Everyone's a Garanimal

What kind of garanimal are you?

Wednesday, May 31, 2006

$950 For a Puppy?!?

I was watching CBS Morning Show today, when they ran an article about Designing a Cutter Dog. The gist behind the story is the new trend in mixing breeds to come up with the perfect dog. Puggles, a mix of pugs and beagles, were focused on, but they discussed other new breeds as well, including minature St Bernards, Lhasa-poos, and Shitzus mixed breeds. (Think of what the resulting name would be for those dogs!)

The breeder in the article said his puggles sell for $950. However, the article also said that these engineered breeds could go for thousands.

Don't get me wrong. I love puppies, (and kittens, and just about any other animal -- well, at least mammal -- out there.) But when does someone go too far to find a pet? When does the pet stop being a pet, and become a social statement?

The article ends with a quote from the breeder, "They gotta be cute or people don't want 'em." So, what happens to the resulting puppies that aren't cute?

My advice? Go to the pound or a rescue organization. You can find just as loveable puppies there, for much cheaper. Just ask my dog, a fellow rescued greyhound.

The Logistician

Logisticians are a sad and embittered race of men who are very much in demand in war, and who sink resentfully into obscurity in peace. They deal only in facts, but must work for men who merchant in theories. They emerge during war because war is very much a fact. They disappear in peace because peace is mostly theory. The people who merchant in theories, and who employ logisticians in war and ignore them in peace, are generals.

Generals are a happily blessed race who radiate confidence and power. They feed only on ambrosia and drink only nectar.

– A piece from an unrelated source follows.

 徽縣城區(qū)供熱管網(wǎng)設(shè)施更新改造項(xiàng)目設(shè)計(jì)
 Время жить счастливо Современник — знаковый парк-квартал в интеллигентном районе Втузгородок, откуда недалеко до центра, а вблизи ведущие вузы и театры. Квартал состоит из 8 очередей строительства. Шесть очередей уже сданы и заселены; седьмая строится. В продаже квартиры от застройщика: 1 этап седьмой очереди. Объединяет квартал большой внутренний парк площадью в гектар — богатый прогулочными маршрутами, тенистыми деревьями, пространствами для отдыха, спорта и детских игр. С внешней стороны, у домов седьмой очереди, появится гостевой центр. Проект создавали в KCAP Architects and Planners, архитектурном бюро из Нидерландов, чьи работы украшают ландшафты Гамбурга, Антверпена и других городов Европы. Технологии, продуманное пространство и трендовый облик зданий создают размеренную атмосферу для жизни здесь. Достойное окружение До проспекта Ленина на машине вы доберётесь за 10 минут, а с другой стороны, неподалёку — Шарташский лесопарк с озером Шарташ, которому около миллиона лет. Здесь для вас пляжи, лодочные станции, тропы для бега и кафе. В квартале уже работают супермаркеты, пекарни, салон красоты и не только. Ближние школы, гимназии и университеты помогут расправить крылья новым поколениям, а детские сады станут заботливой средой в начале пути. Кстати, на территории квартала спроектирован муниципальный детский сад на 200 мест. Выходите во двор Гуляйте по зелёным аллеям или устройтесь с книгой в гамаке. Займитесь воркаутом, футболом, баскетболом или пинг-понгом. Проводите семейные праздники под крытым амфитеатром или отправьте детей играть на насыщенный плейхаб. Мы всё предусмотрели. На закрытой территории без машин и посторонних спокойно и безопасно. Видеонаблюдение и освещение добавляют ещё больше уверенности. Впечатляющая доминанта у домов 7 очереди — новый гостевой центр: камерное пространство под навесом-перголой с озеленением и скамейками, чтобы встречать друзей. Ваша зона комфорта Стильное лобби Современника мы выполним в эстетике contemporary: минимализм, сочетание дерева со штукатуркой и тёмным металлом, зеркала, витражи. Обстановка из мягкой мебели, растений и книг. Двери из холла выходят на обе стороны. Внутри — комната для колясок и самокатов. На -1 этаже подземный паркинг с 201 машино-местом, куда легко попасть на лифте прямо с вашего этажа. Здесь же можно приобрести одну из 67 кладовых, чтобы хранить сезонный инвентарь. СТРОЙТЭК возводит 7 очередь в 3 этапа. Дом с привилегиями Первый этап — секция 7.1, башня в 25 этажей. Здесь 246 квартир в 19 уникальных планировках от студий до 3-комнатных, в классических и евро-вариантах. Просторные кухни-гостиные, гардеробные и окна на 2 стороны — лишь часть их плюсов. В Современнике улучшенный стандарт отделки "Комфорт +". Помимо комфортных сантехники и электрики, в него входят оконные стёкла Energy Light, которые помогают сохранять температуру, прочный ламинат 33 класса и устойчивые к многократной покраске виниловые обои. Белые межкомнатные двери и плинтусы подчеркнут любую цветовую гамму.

In peace, they stride confidently and can invade a world simply by sweeping their hands grandly over a map, pointing their fingers decisively up terrain corridors, and blocking defiles and obstacles with the sides of their hands. In war, they must stride more slowly because each general has a logistician riding on his back and he knows that, at any moment, the logistician may lean forward and whisper: "No, you can't do that." Generals fear logisticians in war and in peace, generals try to forget logisticians.

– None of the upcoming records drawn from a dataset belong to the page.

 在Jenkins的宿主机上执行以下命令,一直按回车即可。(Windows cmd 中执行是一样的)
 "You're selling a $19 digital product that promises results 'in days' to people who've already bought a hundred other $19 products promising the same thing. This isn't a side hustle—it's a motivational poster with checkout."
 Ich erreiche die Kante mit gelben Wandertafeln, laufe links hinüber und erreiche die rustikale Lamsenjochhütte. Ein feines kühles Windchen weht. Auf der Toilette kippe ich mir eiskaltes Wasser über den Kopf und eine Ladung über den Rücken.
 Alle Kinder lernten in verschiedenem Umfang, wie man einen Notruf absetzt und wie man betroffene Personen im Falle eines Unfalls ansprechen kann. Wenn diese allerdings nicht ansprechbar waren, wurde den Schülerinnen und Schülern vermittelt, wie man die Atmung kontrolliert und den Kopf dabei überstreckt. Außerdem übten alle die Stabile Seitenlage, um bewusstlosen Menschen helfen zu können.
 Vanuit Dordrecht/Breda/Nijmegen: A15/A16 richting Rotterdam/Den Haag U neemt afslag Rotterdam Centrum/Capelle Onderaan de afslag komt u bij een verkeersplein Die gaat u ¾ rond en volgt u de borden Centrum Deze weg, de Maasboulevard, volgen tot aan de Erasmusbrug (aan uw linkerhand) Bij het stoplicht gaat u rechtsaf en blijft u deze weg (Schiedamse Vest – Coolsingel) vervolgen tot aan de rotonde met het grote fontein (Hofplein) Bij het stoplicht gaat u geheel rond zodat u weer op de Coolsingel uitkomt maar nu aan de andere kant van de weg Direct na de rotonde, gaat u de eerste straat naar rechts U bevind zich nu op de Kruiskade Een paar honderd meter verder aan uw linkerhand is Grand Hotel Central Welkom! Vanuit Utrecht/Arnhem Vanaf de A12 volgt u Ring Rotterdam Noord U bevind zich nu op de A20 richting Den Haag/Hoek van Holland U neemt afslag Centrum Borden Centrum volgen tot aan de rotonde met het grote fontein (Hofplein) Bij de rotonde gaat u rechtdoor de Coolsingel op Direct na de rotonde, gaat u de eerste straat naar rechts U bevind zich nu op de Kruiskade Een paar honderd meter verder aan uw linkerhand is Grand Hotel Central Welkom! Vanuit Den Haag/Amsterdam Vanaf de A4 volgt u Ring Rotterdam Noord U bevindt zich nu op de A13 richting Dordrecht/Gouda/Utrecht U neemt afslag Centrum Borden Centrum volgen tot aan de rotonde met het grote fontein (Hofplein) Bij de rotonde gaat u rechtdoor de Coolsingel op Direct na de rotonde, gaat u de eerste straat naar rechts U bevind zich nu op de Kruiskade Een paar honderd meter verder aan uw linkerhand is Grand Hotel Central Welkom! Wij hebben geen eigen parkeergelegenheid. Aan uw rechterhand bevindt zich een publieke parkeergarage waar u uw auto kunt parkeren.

Romping along beside generals are strategists and tacticians. Logisticians despise strategists and tacticians. Strategists and tacticians do not know about logisticians until they grow to become generals--which they usually do.

Sometimes a logistician becomes a general. If he does, he must associate with generals whom he hates; he has a retinue of strategists and tacticians whom he despises; and, on his back, is a logistician whom he fears. This is why logisticians who become generals always have ulcers and cannot eat their ambrosia.

Author Unknown

Quoted in 2005 at both The Professor's Lecture Notes and Iraq Now . I ran across the quote when blog surfing. It's an old quote but still applicable today.

"Your Such a Strange Garanimal"

Many years ago when I attended college, one of my roomates always use to call people garanimals. At the time, I didn't think too much of it, but as they years progressed, I noticed that everyone is a garanimal in their own right. Being a garanimal is neither good nor bad -- although I would admit that some garanimals are good, while others are not. Instead, it is what you make of it. Live your eccentricities.... Revel in your differences.

In the end, all that we can do is live our own lives. And perhaps, we can hope to find the garanimal who completes us.